Ambassador of Iran to Khiva
- In office 1851

Personal details
- Born: 8 June 1800 Tehran, Qajar Iran
- Died: 29 June 1871 (aged 71) Tehran, Qajar Iran
- Parent: Mohammad-Hadi Khan (father)
- Relatives: Sadegh Hedayat (great-great grandson)

= Reza-Qoli Khan Hedayat =

Iranian politician 1800–1871

Reza-Qoli Khan Hedayat (رضاقلی‌خان هدایت; 8 June 1800 – 29 June 1871) was a Qajar era Iranian literary historian, administrator, and poet.

==Biography==
Hedayat was born in Tehran on 8 June 1800 to a renowned family which was descended from the prominent 14th-century lyric-poet Kamal Khujandi. In his autobiographical work, Hedayat sometimes referred to himself as "Hedayat Mazan-darani", "Tabari", or "Tabarestani" due to his father Mohammad-Hadi Khan having served the Qajar tribal leaders in Mazandaran. Mohamad-Hadi Khan oversaw the finances and employees of the Qajar household under Agha Mohammad Khan Qajar.
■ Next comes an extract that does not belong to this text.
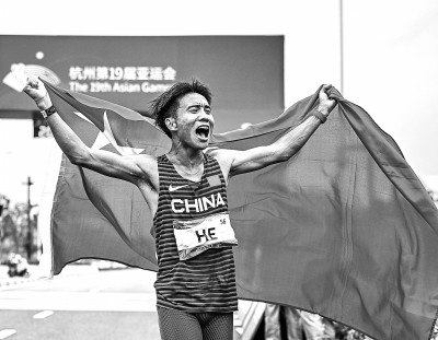 10月5日,男子马拉松决赛中,中国选手何杰夺得冠军。图为何杰在赛后庆祝。新华社发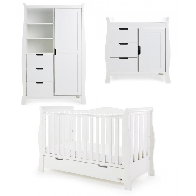 The Obaby Stamford Luxe 3 Piece Room Set in White offers families the perfect combination of style, quality, and practicality. The Obaby Stamford Luxe Cot Bed is top of the range. Its deluxe, hand-shaped end scrolls flow perfectly into the curved rear side rail, creating a unique look that truly sets the Luxe apart from any other sleigh cot beds.

Under Fath-Ali Shah Qajar, he served as a provincial administrator in Khorasan and later Shiraz. He died in 1803, While working for the Qajar prince Hossein Ali Mirza as a treasurer. Upon the completion of his education, Reza-Qoli Khan entered the service of Hossein Ali Mirza son of Fath Ali Shah and governor of Shiraz. He was given the title of Khan and of Amir-ol Sho'ara in 1830, when Fath Ali Shah visited Shiraz.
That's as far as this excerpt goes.